The National Farmers’ Federation (NFF) has welcomed the decision of Prime Minister Malcolm Turnbull and Treasurer Scott Morrison to direct the Australian Competition and Consumer Commission (ACCC) to review retail electricity prices.
NFF President Fiona Simson said farmers across the nation had endured skyrocketing electricity tariffs for many years now and the frightening upward trajectory had to stop.
“As a case-in-point, sugarcane growers in Queensland have faced hikes of 120% in recent years and in South Australia farmers have battled rises of up 300%.”
“Farm businesses are small businesses and they just cannot absorb these types of extra cost impositions,” Ms Simson said.
Ms Simson said it was a reality that most rural and regional households and businesses had no or little choice of electricity provider and that this meant, more often than not, retailers enjoyed a monopoly situation.
“Monopolies rarely deliver positive outcomes for consumers.”
Ms Simson said tariff rises for farmers had largely been driven by the over investment or “gold plating” of the assets of electricity network and retail businesses.
“Government regulated network costs and other charges account for about 70% of a typical bill for a farmer – while the actual cost of electricity makes up less than a quarter of the bill.
“Electricity companies – and the Governments that own some of them – have been reaping the profits – as tariffs provide a return on this over-investment.

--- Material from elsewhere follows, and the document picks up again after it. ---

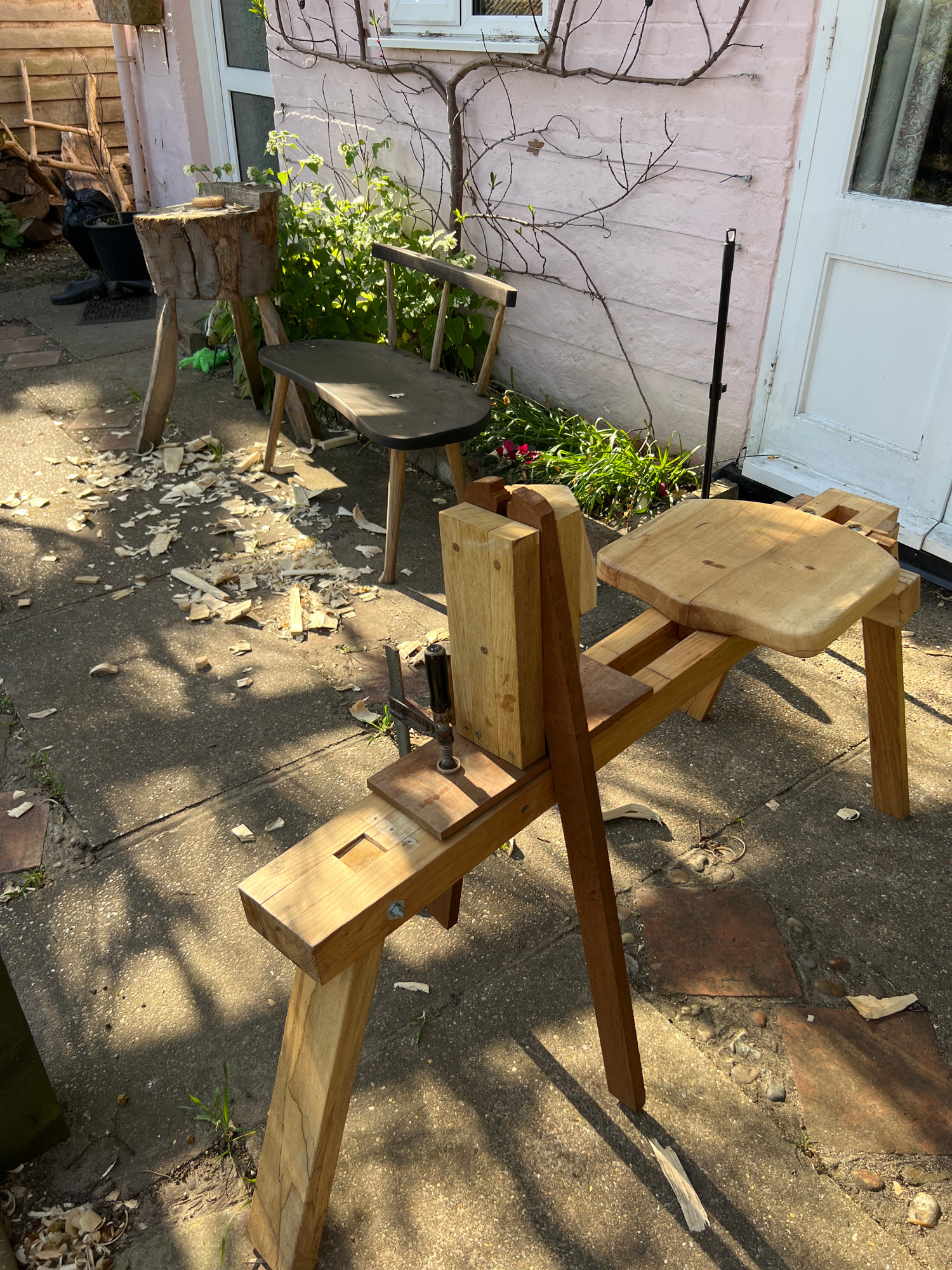 The image shows an outdoor woodworking setup in East Suffolk, United Kingdom. A shave horse and stump stand are present on a concrete surface, scattered with wood shavings. A pink brick building with…read more

The Queensland Government alone pockets about $1.5 billion in electricity company dividends annually.
“Worryingly the proposed current change to tariff structure by the Queensland State Government would see an overnight increase in electricity bills of between 200% and 300% in some regions.”
Ms Simson said customers should not be paying the price for wasteful, over investment in the past – nor should they be lining the pockets of asset owners through inflated profit margins.

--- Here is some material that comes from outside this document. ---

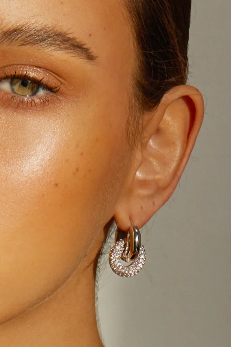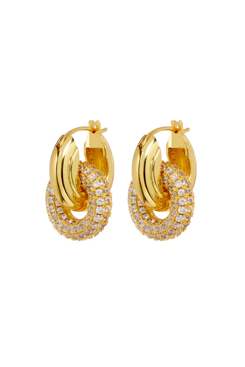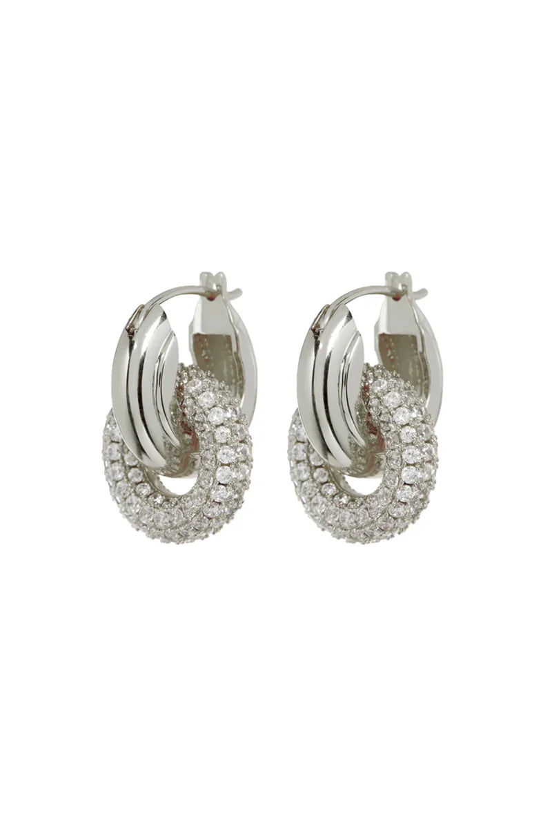 The Pave Interlock Hoops are a pair of luxe metal-ridged hoops with a pave-encrusted loop attached.

“This inquiry is an important opportunity to shine a truly independent light – that takes a consumers perspective – on the way power prices are established.”
Ms Simson concluded that this inquiry does not absolve Governments of the need to comprehensively address the other drivers that affect the affordability, reliability and sustainability of electricity supply – including the need for reform to the National Electricity Market and the long-term, bipartisan policy settings that are required to support future investment in power generation.